### DATA
■ ■ ■ ■

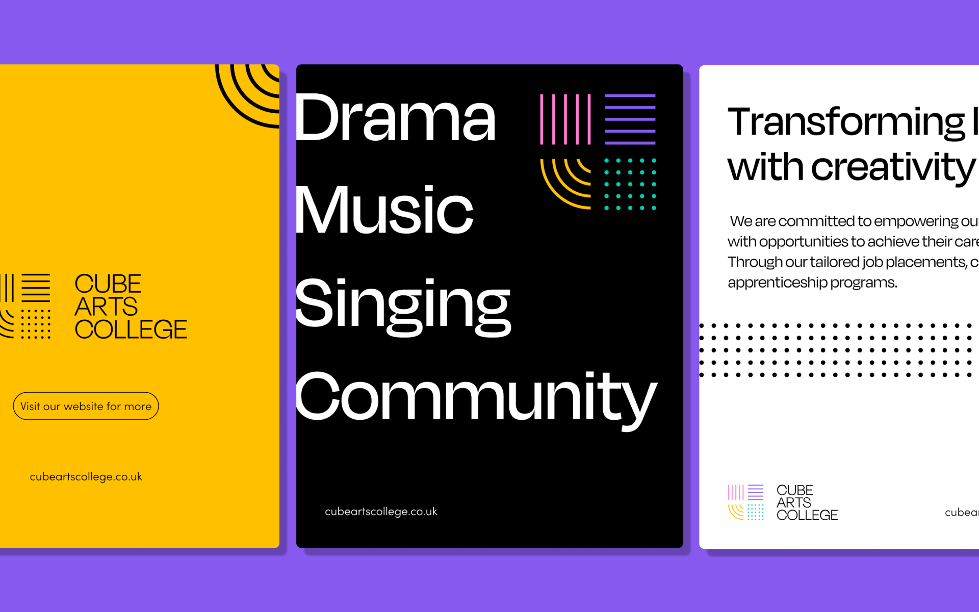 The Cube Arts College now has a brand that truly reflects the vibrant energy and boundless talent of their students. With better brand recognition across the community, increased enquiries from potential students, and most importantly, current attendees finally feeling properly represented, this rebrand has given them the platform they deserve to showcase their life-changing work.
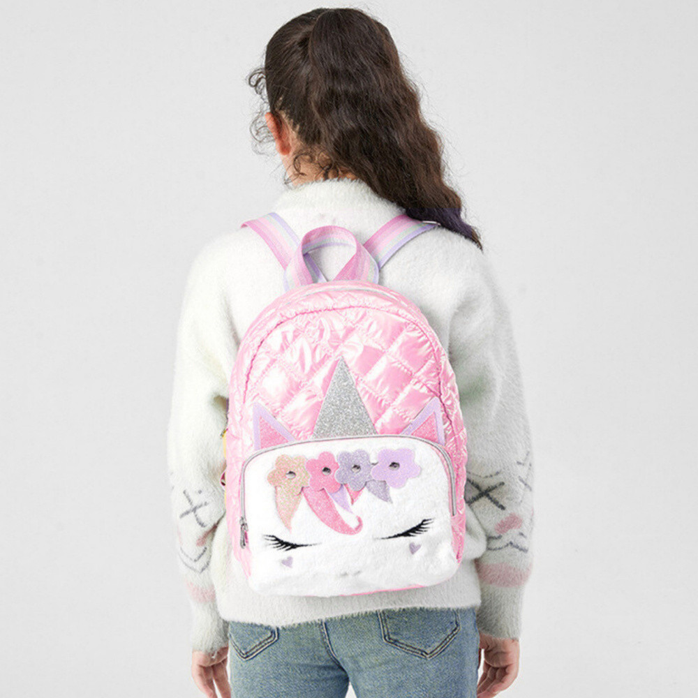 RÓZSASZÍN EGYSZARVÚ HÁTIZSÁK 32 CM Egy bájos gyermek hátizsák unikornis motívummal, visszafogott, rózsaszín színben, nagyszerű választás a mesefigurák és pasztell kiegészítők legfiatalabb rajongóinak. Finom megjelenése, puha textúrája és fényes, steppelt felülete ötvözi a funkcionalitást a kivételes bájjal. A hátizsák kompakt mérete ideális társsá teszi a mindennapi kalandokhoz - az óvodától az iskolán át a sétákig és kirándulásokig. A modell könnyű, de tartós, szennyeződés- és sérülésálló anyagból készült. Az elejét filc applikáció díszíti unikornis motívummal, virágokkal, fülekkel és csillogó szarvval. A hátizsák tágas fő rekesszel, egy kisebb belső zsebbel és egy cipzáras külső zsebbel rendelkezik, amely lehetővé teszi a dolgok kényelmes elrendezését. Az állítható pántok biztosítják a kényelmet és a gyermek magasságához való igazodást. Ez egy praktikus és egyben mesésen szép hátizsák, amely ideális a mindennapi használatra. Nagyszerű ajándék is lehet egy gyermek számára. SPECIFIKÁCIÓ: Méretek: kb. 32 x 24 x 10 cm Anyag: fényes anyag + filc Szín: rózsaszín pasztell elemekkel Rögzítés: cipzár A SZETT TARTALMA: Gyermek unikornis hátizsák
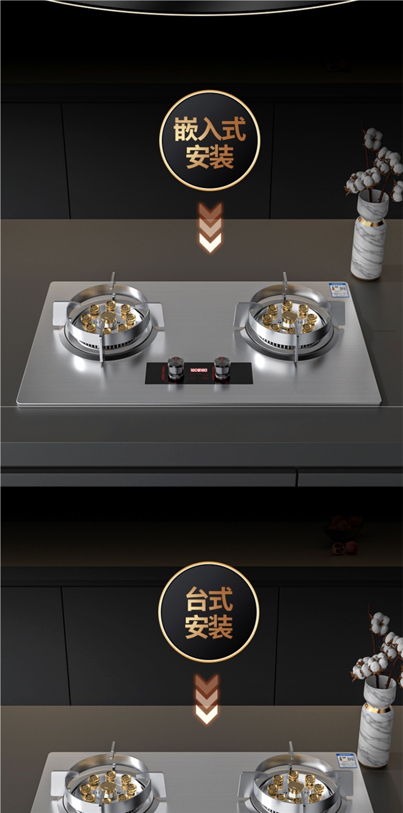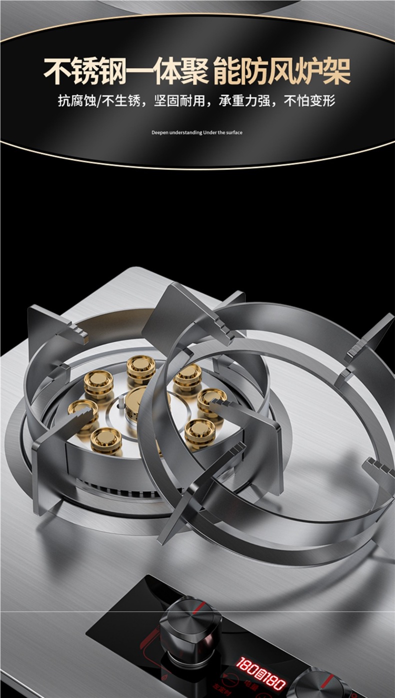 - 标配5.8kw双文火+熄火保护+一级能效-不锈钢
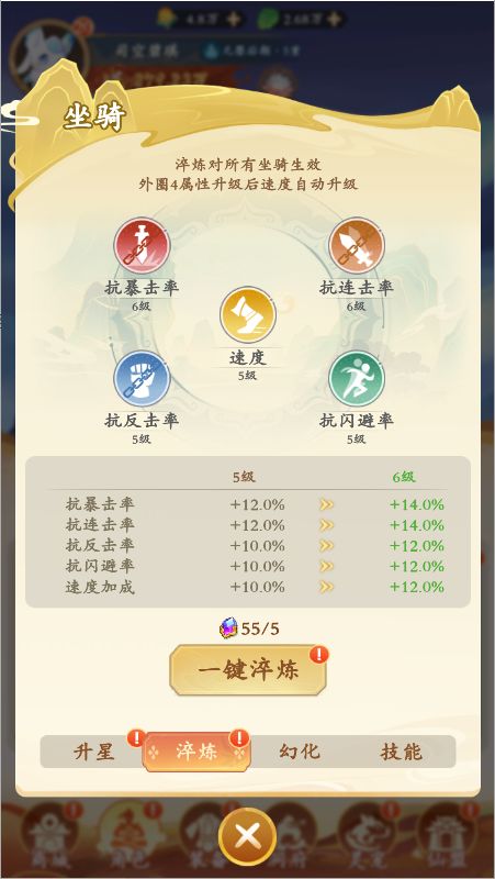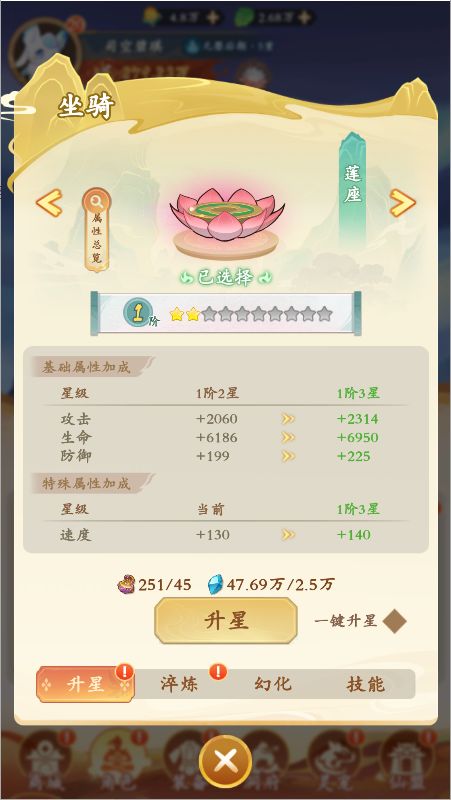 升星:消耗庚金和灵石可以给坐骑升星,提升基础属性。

■ ■ ■ ■

### PROBLEM TO SOLVE
Exactly the lines from the line that contains "- 标配5.8kw双文火+熄火保护+一级能效-不锈钢" through the last line above, and no other lines, must be output, with pictures excluded.

### THE ANSWER
 - 标配5.8kw双文火+熄火保护+一级能效-不锈钢
 升星:消耗庚金和灵石可以给坐骑升星,提升基础属性。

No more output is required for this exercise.